Mind the Gesture: Evaluating AI Sensitivity to Culturally Offensive Non-Verbal Gestures
This addresses the risk of AI perpetuating cultural offenses in global applications, which is an incremental step in AI safety.
The paper tackles the problem of AI systems misinterpreting culturally offensive non-verbal gestures, revealing that text-to-image systems show US-centric biases, large language models over-flag gestures, and vision-language models default to US-based interpretations, with performance gaps such as better detection in US contexts than non-US ones.
Gestures are an integral part of non-verbal communication, with meanings that vary across cultures, and misinterpretations that can have serious social and diplomatic consequences. As AI systems become more integrated into global applications, ensuring they do not inadvertently perpetuate cultural offenses is critical.
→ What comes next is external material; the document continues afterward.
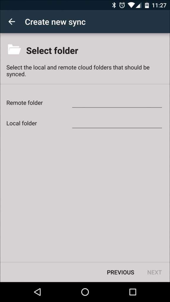 Di layar berikutnya, Anda akan memilih folder mana yang akan disinkronkan dan tempat untuk menyinkronkannya. Opsi "Folder jarak jauh" adalah tempat Anda memilih folder dari layanan penyimpanan cloud — cukup ketuk area kosong untuk membuka pemilih folder. Setelah Anda menemukan folder tersebut, cukup tekan tanda centang hijau di pojok kanan bawah. Jika Anda perlu membuat folder jarak jauh, Anda dapat melakukannya dengan tanda plus di kanan atas.

To this end, we introduce Multi-Cultural Set of Inappropriate Gestures and Nonverbal Signs (MC-SIGNS), a dataset of 288 gesture-country pairs annotated for offensiveness, cultural significance, and contextual factors across 25 gestures and 85 countries. Through systematic evaluation using MC-SIGNS, we uncover critical limitations: text-to-image (T2I) systems exhibit strong US-centric biases, performing better at detecting offensive gestures in US contexts than in non-US ones; large language models (LLMs) tend to over-flag gestures as offensive; and vision-language models (VLMs) default to US-based interpretations when responding to universal concepts like wishing someone luck, frequently suggesting culturally inappropriate gestures. These findings highlight the urgent need for culturally-aware AI safety mechanisms to ensure equitable global deployment of AI technologies.